The type of covariance model you wish to run. Lexicon is given as follows: "0" = "EII", "1" = "VII", "2" = "EEI" , "3" = "EVI", "4" = "VEI", "5" = "VVI", "6" = "EEE", "7" = "VEE", "8" = "EVE", "9" = "EEV", "10" = "VVE", "11" = "EVV", "12" = "VEV", "13" = "VVV"

in_zigs

A n times G a posteriori matrix resembling the probability of observation i belonging to group G. Rows must sum to one, have the proper dimensions, and be positive.

in_nmax

Positive integer value resembling the maximum amount of iterations for the EM.

in_l_tol

A likelihood tolerance for convergence.

in_m_iter_max

For certain models, where applicable, the number of iterations for the maximization step.

in_m_tol

For certain models, where applicable, the tolerance for the maximization step.

anneals

A vector of doubles representing the deterministic annealing settings.

t_burn

A positive integer representing the number of burn steps if missing data (NAs) are detected.

latent_step

If "standard", it will use the standard E step for latent variable of a Normal Variance Mean Mixture, if "random" it will run a random draw from a GIG distribution.

Details

Be extremly careful running this function, it is known to crash systems without proper exception handling. Consider using the package parallel to estimate all possible models at the same time. Or run several possible initializations with random seeds.

Value

zigs

a postereori matrix

G

An integer representing the number of groups.

sigs

A vector of covariance matrices for each group (note you may have to reshape this)

mus

A vector of locational vectors for each group

alphas

A vector of skewness vectors for each group

gammas

Gamma parameters for each group

Author(s)

Nik Pocuca, Ryan P. Browne and Paul D. McNicholas.
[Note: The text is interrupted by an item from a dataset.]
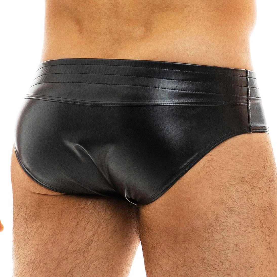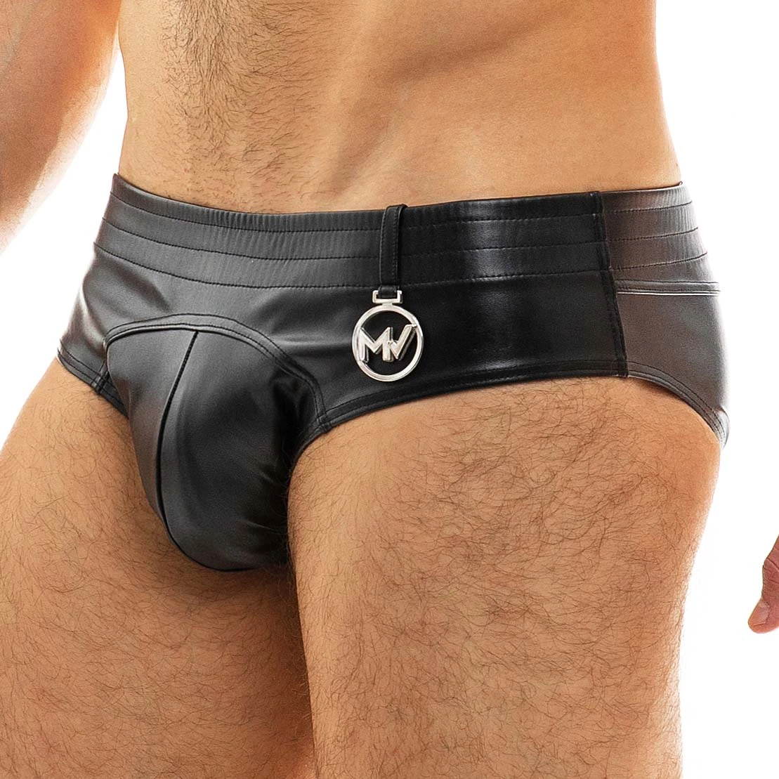 Slip Modus Vivendi 20515. Slip taille basse, trÚs élégant. Aspect cuir. Petite plaque logotée au nom de la marque sur le cÎté. 100% Polyester.

Maintainer: Paul D. McNicholas <[email protected]>

References

McNicholas, P.D. (2016), Mixture Model-Based Classification. Boca Raton: Chapman & Hall/CRC Press

Browne, R.P. and McNicholas, P.D. (2014). Estimating common principal components in high dimensions. Advances in Data Analysis and Classification 8(2), 217-226.
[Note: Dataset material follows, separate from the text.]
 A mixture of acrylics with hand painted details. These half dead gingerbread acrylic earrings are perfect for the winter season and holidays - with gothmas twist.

Zhou, H. and Lange, K. (2010). On the bumpy road to the dominant mode. Scandinavian Journal of Statistics 37, 612-631.

Celeux, G., Govaert, G. (1995). Gaussian parsimonious clustering models. Pattern Recognition 28(5), 781-793.

Examples

## Not run: 

data("sx2")
data_in = as.matrix(sx2,ncol = 2)
n_iter = 300

in_g = 2
n = dim(data_in)[1]
model_string <- "VVV"
in_model_type <- switch(model_string, "EII" = 0,"VII" = 1,  
              "EEI" = 2,  "EVI" = 3,  "VEI" = 4,  "VVI" = 5,  "EEE" = 6,  
              "VEE" = 7,  "EVE" = 8,  "EEV" = 9,  "VVE" = 10,
              "EVV" = 11,"VEV" = 12,"VVV" = 13)

zigs_in <- z_ig_random_soft(n,in_g)

m2 = main_loop_vg(X = t(data_in), # data in has to be in column major form 
               G = 2, # number of groups
               model_id = 1, # model id for parallelization later
               model_type = in_model_type,
               in_zigs = zigs_in, # initializaiton
               in_nmax = n_iter, # number of iterations
               in_l_tol = 0.5, # likilihood tolerance
               in_m_iter_max = 20, # maximium iterations for matrices
               anneals=c(1),
               in_m_tol = 1e-8) 

plot(sx2,col = MAP(m2$zigs) + 1, cex = 0.5, pch = 20)

## End(Not run)

Maximum a posterori

Description

Generates labels from a classification matrix z

Usage

MAP(z_ig)

Arguments

z_ig

A classification matrix of positive numbers in which all rows must sum to one.

Value

A numeric matrix is returned of size n times g, with row sums adding up to 1.

Author(s)

Nik Pocuca, Ryan P. Browne and Paul D. McNicholas.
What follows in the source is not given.